The Iliad Book 4
This book starts on Mount Olympus. Zeus calls an assembly of the gods because he is angry about what is going on near Troy. He accuses Athena and Hera of protecting Menelaus and Aphrodite of protecting Paris. These three goddesses are essentially still battling for the golden apple He announces that because Paris left the battle the victory should go to Menelaus. He then asks the assembled deities whether the war should continue or should the wealth and Helen be handed over to Menelaus. Hera gets very angry at the prospect of the Greeks being slighted, Zeus becomes very upset with Hera and asks her if she remembers all the sacrifices the Trojans have made on her behalf and tells her to do as she pleases but to beware:
"Whenever I am bent on tearing down some city
Filled with men you love - to please myself -
Never attempt to thwart my fury, Hera
give me my way. For I, I gave you this
All of my own free will but hardly willing. No,
Of all the cities under the sun and starry skies,
wherever men who walk the earth have dwelled,
I honor sacred Ilium most with my immortal heart." Book 4, lines 47-54
Hera offers the Greek cities of Argos, Sparta and Mycenae in exchange and appeals to Zeus so that they may yield to each other. They decide that the Trojans are going to break the truce for a temporary triumph. Zeus sends Athena, flung like a falling star, to cause this.
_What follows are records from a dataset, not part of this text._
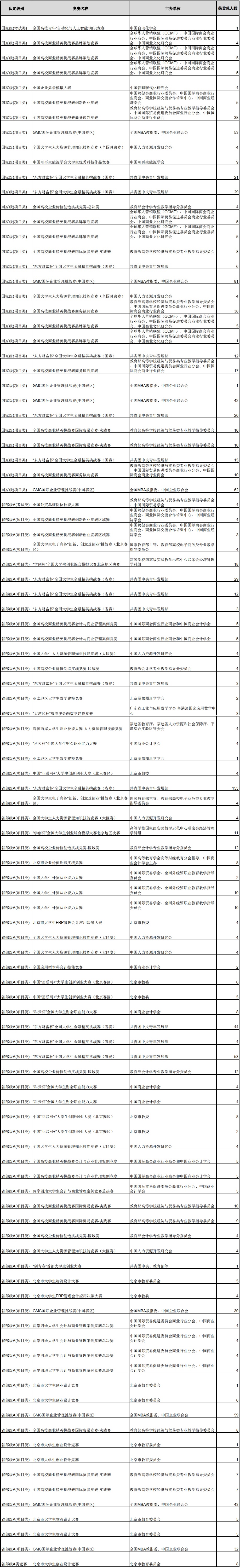 获奖信息如下,其中:“国家级(考试类)”1项,“国家级(项目类)”31项,“省部级A(考试类)”1项,“省部级A(项目类)”70项,“省部级A类竞赛”1项。
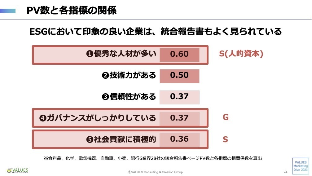 企業イメージと統合報告書PV数の相関を見たところ、①優秀な人材が多い②技術力がある③信頼性がある④ガバナンスがしっかりしている⑤社会貢献に積極的、の5つのイメージと顕著な相関が見えました。これは別の見方をすると、統合報告書を見に来る方は、こういった企業であることを期待して確認しに来ているとも言えます。ですから統合報告書には、これら5つのイメージの期待に応える記載をしていくことが有効であると言えそうです。
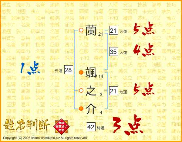 蘭(21画) 颯(14画)之(3画)介(4画)

Athena, disguised like a Trojan, finds the archer Pandarus to shoot an arrow at Menelaus. Pandarus shoots his arrow at Menelaus and hits. This arrow pierces Menelaus' clothing but does not wound him fatally, even though the blood comes gushing out. Agamemnon swears that Priam and the Trojans must die because they have broken an oath. Menelaus speaks to his brother and tries to calm him, pointing out that the wound is not fatal Agamemnon calls the healer Machaon to tend to Menelaus.
Agamemnon, meanwhile, stirs up the Greeks. He yells at the Greeks who are running from the ensuing battle, calling them cowards. Then, he goes from captain to captain encouraging them and telling them that Zeus won't protect the Trojans because they are oath breakers. He tells Idomeneus, who is strong as a boar, to "Drink deep of battle." Book 4 line 301
The Greek army moves forward like a heavy surf and the Trojans are like flocks of sheep. Ares inspires them and the armies clash. Antilochus kills the first Trojan, whom a companion attempts to save only to be cut down by Agenor. Diomedes kills a man, followed by Odysseus' first kill. The Trojans, with Hector, begin to move back, frightened by the spectacle, but Apollo inspires them to maintain their position. The two lines clash and intermix in war.